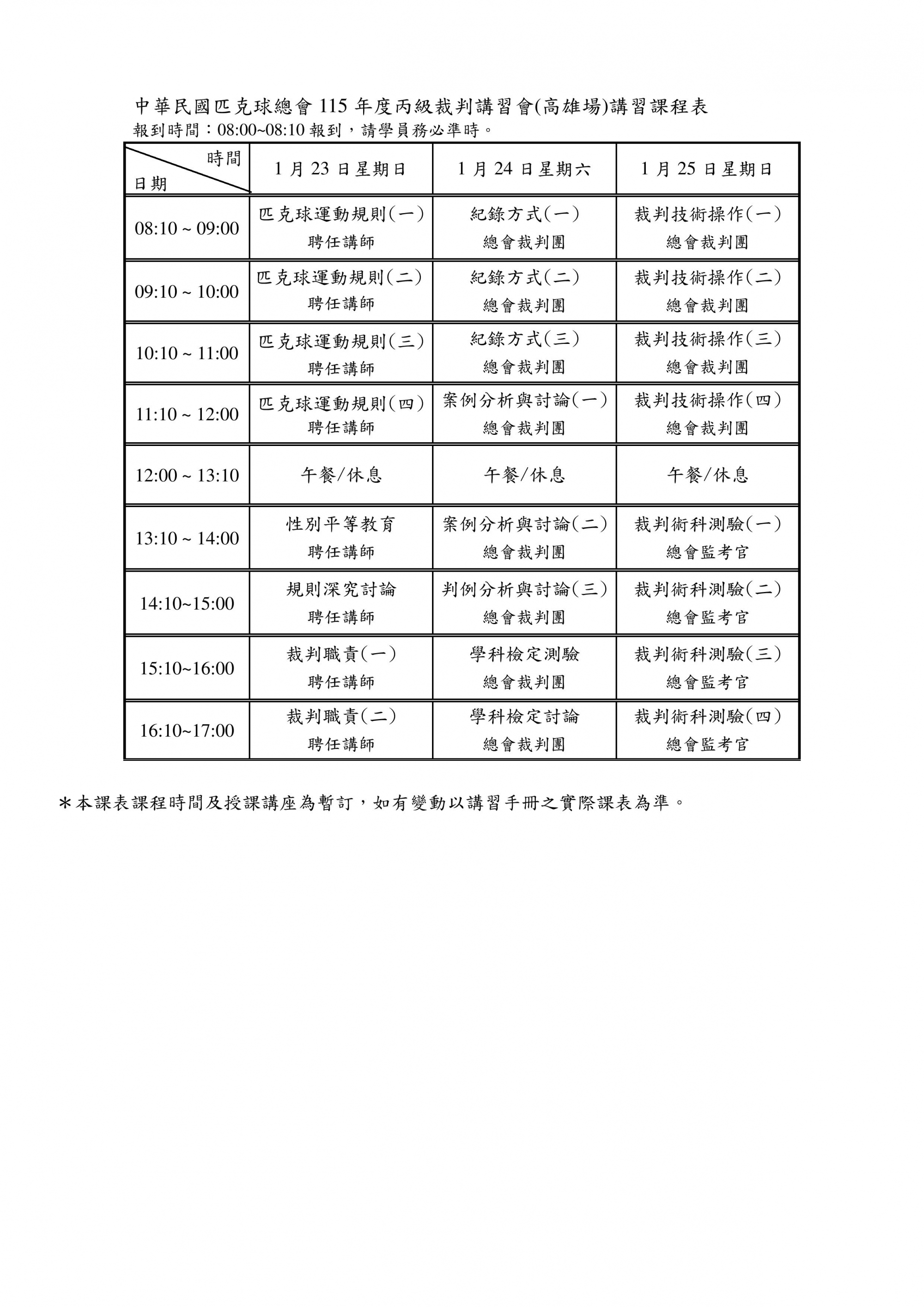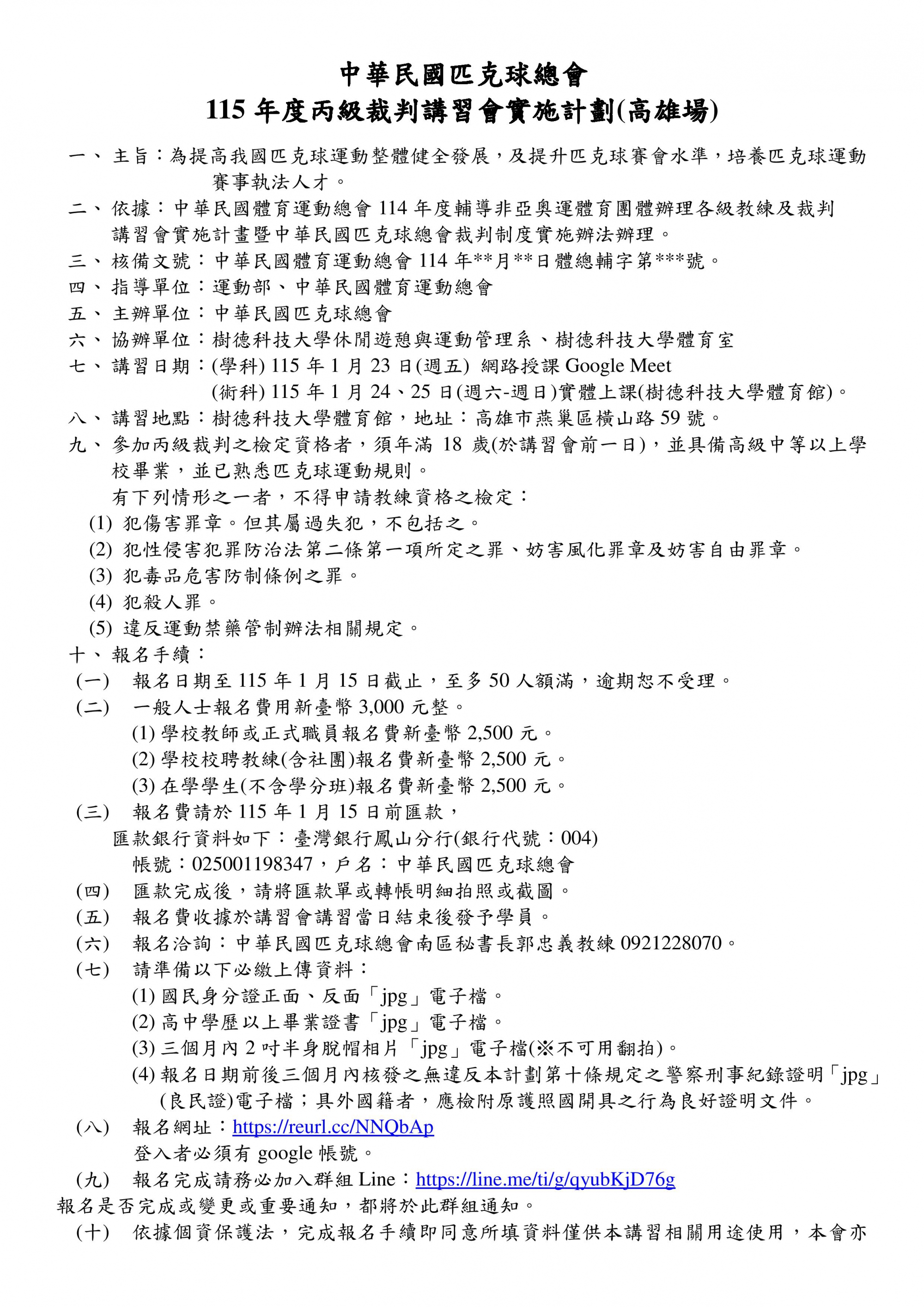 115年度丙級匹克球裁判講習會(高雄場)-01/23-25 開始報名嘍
#####
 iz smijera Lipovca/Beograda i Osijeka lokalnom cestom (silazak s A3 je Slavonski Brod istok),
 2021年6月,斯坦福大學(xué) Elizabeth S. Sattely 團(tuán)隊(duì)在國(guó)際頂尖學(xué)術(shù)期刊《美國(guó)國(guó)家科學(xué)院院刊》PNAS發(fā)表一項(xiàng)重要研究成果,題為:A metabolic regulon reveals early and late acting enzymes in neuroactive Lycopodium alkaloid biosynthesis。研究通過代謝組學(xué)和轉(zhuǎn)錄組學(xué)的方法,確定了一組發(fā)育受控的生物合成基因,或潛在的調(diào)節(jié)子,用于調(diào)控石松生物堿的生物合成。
#####
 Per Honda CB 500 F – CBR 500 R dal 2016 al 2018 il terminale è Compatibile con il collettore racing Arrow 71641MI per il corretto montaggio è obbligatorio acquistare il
#####
(WORK ORDER):
Your answer should be the lines above from the one containing "iz smijera Lipovca/Beograda" through the one containing "2021年6月,斯坦福大學(xué) Elizabeth S.", copied exactly and with both ends kept.

(RESPONSE AREA):
 iz smijera Lipovca/Beograda i Osijeka lokalnom cestom (silazak s A3 je Slavonski Brod istok),
 2021年6月,斯坦福大學(xué) Elizabeth S. Sattely 團(tuán)隊(duì)在國(guó)際頂尖學(xué)術(shù)期刊《美國(guó)國(guó)家科學(xué)院院刊》PNAS發(fā)表一項(xiàng)重要研究成果,題為:A metabolic regulon reveals early and late acting enzymes in neuroactive Lycopodium alkaloid biosynthesis。研究通過代謝組學(xué)和轉(zhuǎn)錄組學(xué)的方法,確定了一組發(fā)育受控的生物合成基因,或潛在的調(diào)節(jié)子,用于調(diào)控石松生物堿的生物合成。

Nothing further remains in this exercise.